On Feb 18, 2014, at 14:25, Ryan Gonzalez <rymg19@gmail.com> wrote:
It isn't uncommon to try and get either the first or the last True value from a list. In Python 2, you'd do this: next((x for x in mylist if x)) And, in Python 3, thanks to filter returning an iterator, you’d do this:
next(filter(bool,mylist)) It still is pretty common. Common enough to make it aggravating to write a function to do that nearly every time. My idea is to add first and last functions that do just that.
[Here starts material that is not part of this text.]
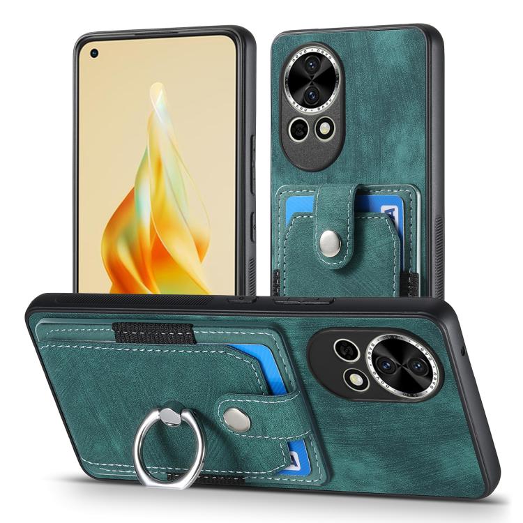 Funda para Teléfono Huawei Nova 13 con Tarjetero y Anillo Tacto de Piel (Verde)

Stuff that’s open to lots of debate:
Names. They’re not very creative; I know. Builtin or itertools. I’m personally leaning towards the latter at the moment. If suggest putting it on PyPI, or submitting it to an existing project like more-itertools, and seeing what kind of uptake it has, before trying to decide whether it's necessary to add to the stdlib.
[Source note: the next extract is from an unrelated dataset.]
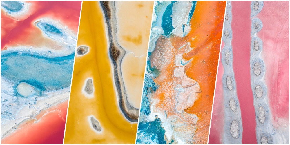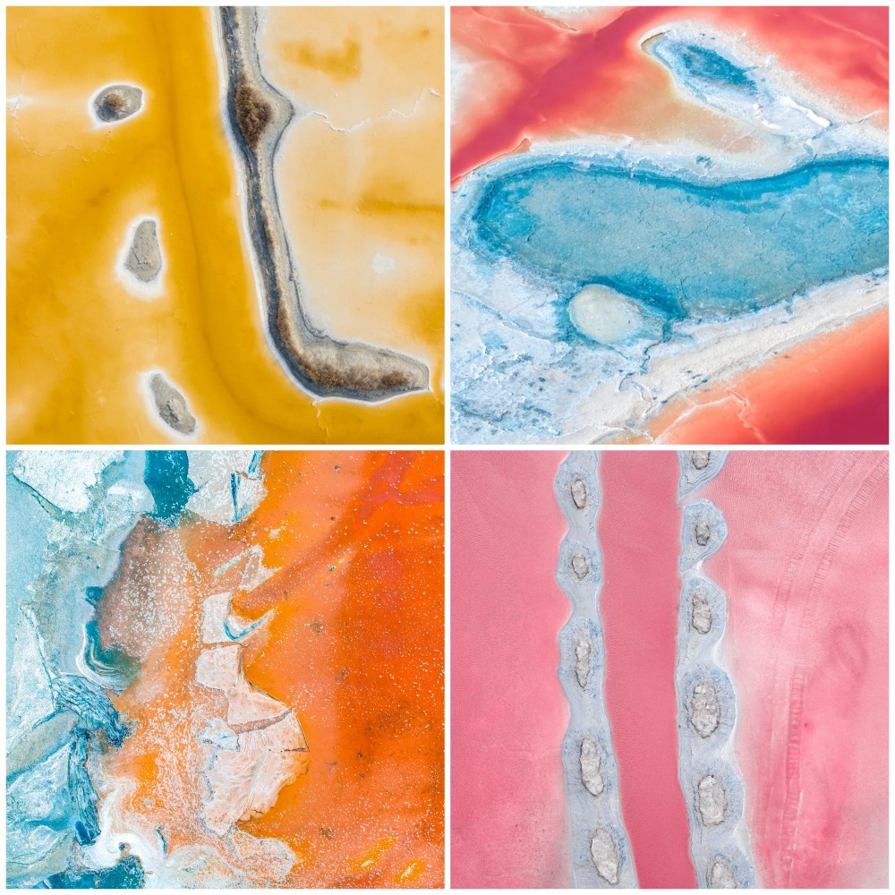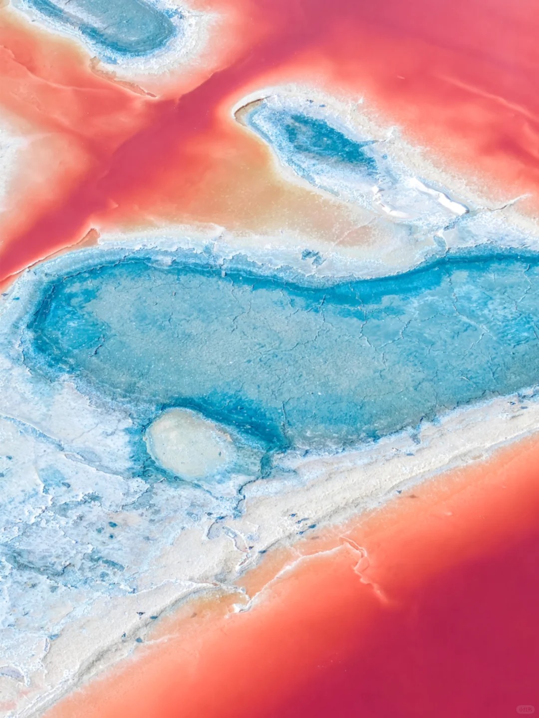 形狀不規則的鹽湖散落在廣闊的大地上,有些圓圓的、有些橢圓形的,還有些方方正正的,而湖水有的是紅色、粉紅色、紫紅色、淡綠色及褐綠色,在航拍鏡頭下,宛如調色盤上的水彩,非常特別。

Except I think first may already be in more-itertools.
Implementing it in itertools would be simple:
def first(it): return next(filter(bool,it))
def last(it): return next(reversed(filter(bool,it)))
But reversed takes a sequence, not an iterator. So you'd have to call it on list(filter(...)), and surely you don't want to build the whole list just to get the last value. You could build it by using a single-element peek wrapper, or just an explicit for loop that keeps track of "last" as it goes along.